27 February 2017

The Atlantic: “The American Leader in the Islamic State”

The Yahya Tim described to me was a sad figure, a sheep who had strayed into a wicked flock. Above all, he was easily manipulated. This, for me, was another puzzle. The Yahya I had encountered online, and the one Musa Cerantonio described, was nothing like a sheep, and no pathetic follower. He was not the boy his father described. At some point, Yahya had shape-shifted into a wolf, into a leader of men.


The couple indulged, too, in their other shared passion: getting high. Islamic orthodoxy considers cannabis an intoxicant, and therefore forbidden. But Yahya’s practice of Islam was unconventional even then.
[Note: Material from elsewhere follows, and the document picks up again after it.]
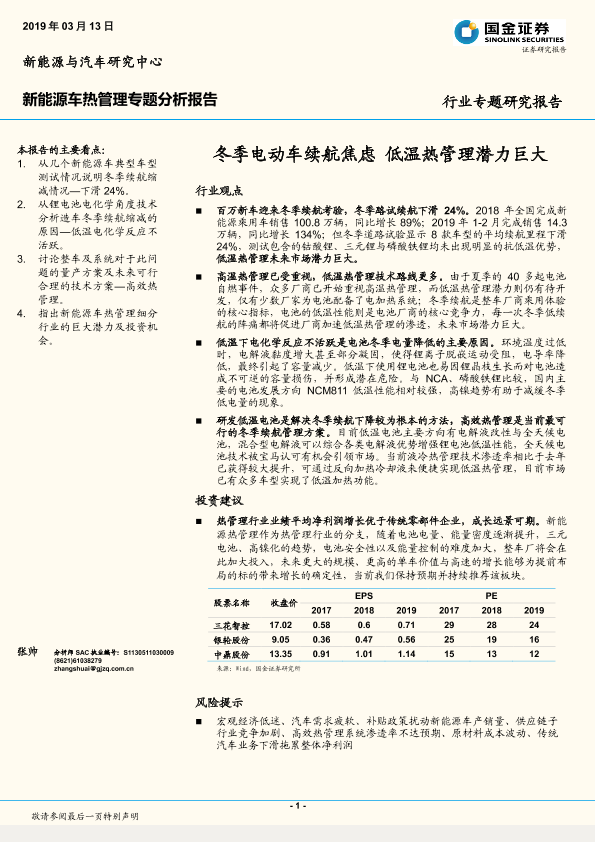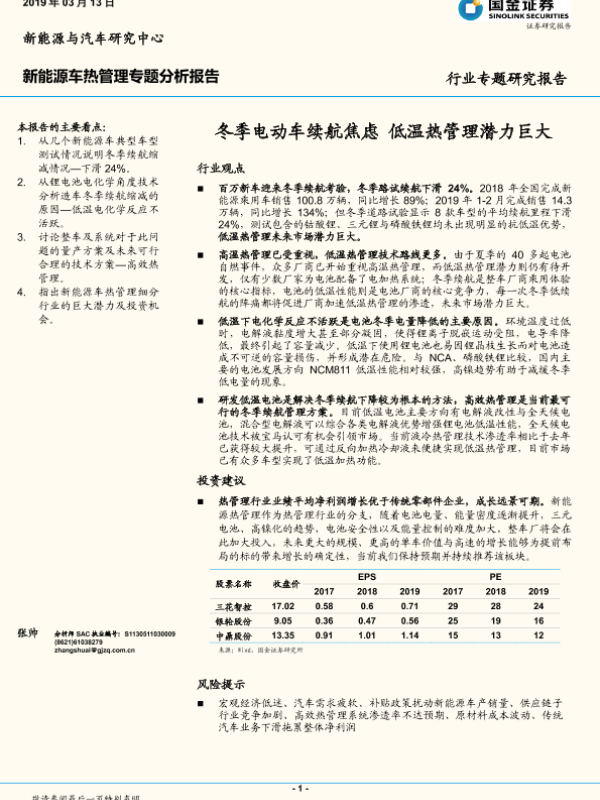 【国金证券】【20190313】20190313-国金证券-新能源车热管理专题分析报告:冬季电动车续航焦虑 低温热管理潜力巨大-15页

In a historical essay titled “Cannabis”, heavily footnoted with classical Arabic sources, he made the Islamic case for pot. There was evidence, he wrote, that early Islamic leaders had taxed hemp seeds. Since Muslims generally cannot tax forbidden substances, such as pork or alcohol, Yahya reasoned, they must have considered pot permissible.

Graeme Wood

Fascinating story! To be filed under: ‘you can justify just about anything through religion’.
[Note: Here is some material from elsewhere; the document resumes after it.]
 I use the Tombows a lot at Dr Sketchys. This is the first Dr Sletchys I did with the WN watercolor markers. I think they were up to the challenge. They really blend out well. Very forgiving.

John Georgelas aka Yahya Abu Hassan
John Georgelas was a military brat, a drug enthusiast, a precocious underachiever born in Texas. Now he is a prominent figure within the Islamic State. Here’s the story of his long and troubling journey.
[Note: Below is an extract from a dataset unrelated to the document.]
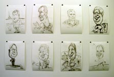 La démarche de l'artiste est volontairement simple, le regard qu'il pose sur les images et objets quotidiens est acéré, son esprit gauguenard est palpable. L'exposition est parcourue par le registre de la parodie et de la satire, à l'image de la série de caricatures que l'artiste a fait faire de lui-même à Madrid en 2010 par différents dessinateurs. Ce plaisir de la dérision et cette volonté de pasticher la réalité se manifestent également dans une série de peintures à l'huile que l'artiste a 'ajustées' à sa manière: des nez rouges, des yeux qui louchent sur des portraits classiques, des barres noires de censure sur un nu allongé. Ces ajouts malicieux nous ramènent inévitablement au début du 20ème siècle et aux ready-mades de Marcel Duchamp qui en 1919 avait ajouté au crayon une moustache et une barbe sur une reproduction de 'La Joconde' de Léonard de Vinci.

Jihadists are also overwhelmingly left-brained, quantitative-analytic types. Diego Gambetta of the European University Institute and Steffen Hertog of the London School of Economics have noted a preponderance of former engineering students among jihadists; they suggest that the mental style of that discipline disposes certain people toward jihadism. As a teen, John had taught himself to program. His computers ran the Linux operating system, not the Windows or Mac software favored by the masses. Years later, after he had become a full-blown jihadist, he would share a line of C++ code on his website, a geeky statement of his own hard-line stance:

if (1+1+1 != 1 && 1 == 1) return true; else die();

Translation: If you believe the Christian Trinity (“1+1+1”) is not really monotheistic (“!= 1”), and if you believe in the unity of God (“1 == 1”), then great. Otherwise: Die.